Certainly, by 1905, there was a change of Manager as, in 1986, I replied to a letter from Mr. Ben Orchard, living in Gloucestershire, who wrote that his father was Manager until about 1913. He also told me that his mother attended the Parish Church and enclosed a charming programme of a concert held in St. Crispin’s Hall on April 26th 1905 in which she is listed as acting in a play. St. Crispin’s Hall later became Preston Hall which was subsequently demolished to make way for Preston Court .

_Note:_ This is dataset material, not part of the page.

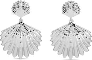 Dainty cubic zirconia catch the light on these beach-inspired shell drop earrings boasting a high-shine finish.

Letters were sent to local businesses and residents inviting them to have gas connected. Gas was used for the first time on January 5th 1896 in the Parish Church after 300 people subscribed £100 for the cost of connection. Four standards were placed in the chancel and twelve coronas fitted on the pillars in the nave. The Parish Council provided lamp standards and wall brackets in the streets.

In 1898 the Balance Sheet for the Burton Latimer Gas Company showed a profit on the years trading of £211.18.11. It must, therefore, have come as a surprise to the directors, if not disappointment or even annoyance, to receive a letter, in 1899, from Burton Latimer Co-operative Society. It informed the directors that the Co-op had made arrangements with the Finedon Gas Company to supply them with coke for the following six months! Nevertheless, in 1914, profits had risen to £820.10.1.

Hilda Boxwell, Doris Boxwell and Mr Boxwell Mrs Boxwell and Doris in the garden of the Gas Works cottage
Hilda, Doris and Mr Boxwell Snr
Mrs Boxwell and Doris in the Gas Works garden,
in the shadow of a holder

A roomy house, which had a pretty garden bordering the river, was provided for the Works Manager. In the time of the Boxwell family being in residence there was also a tennis court. I can still visualise when I was a boy Ron and Bert Boxwell would cycle around the village and erect their ladder to light the lamps in the streets which were then extinguished at midnight. Ron and Bert had two sisters: Hilda and Doris.

Hilda and Doris Boxwell c.1930
Hilda and Doris Boxwell

The stretch of road which leads to the railway bridge was supported on arches because of flooding. As children we fished for newts in the water that stood under the road there. It was also a sight to see the flames belching out from the boiler house when the men were stoking up.

Floods at the Burton Latimer Gas Works - date unknown
Floods at the Gas Works sometime in the middle of the last century.

The company was amalgamated with the Kettering Gas Company in June 1940, and subsequently in September 1942, the Burton Latimer Gas Company was voluntarily wound up. The Chairman at the time was Mr F T Freestone. The gasometers remained for a while after the rest of the buildings were demolished in the 1960’s. With the advent of North Sea gas the supply now piped into our town comes from much further afield.

Burton Latimer Railway Station closed to passengers in the early 1950s when the waiting rooms and the steps leading down from the bridge were demolished. Some time ago, there was a suggestion that our Railway Station might re-open for passengers, but that is another story!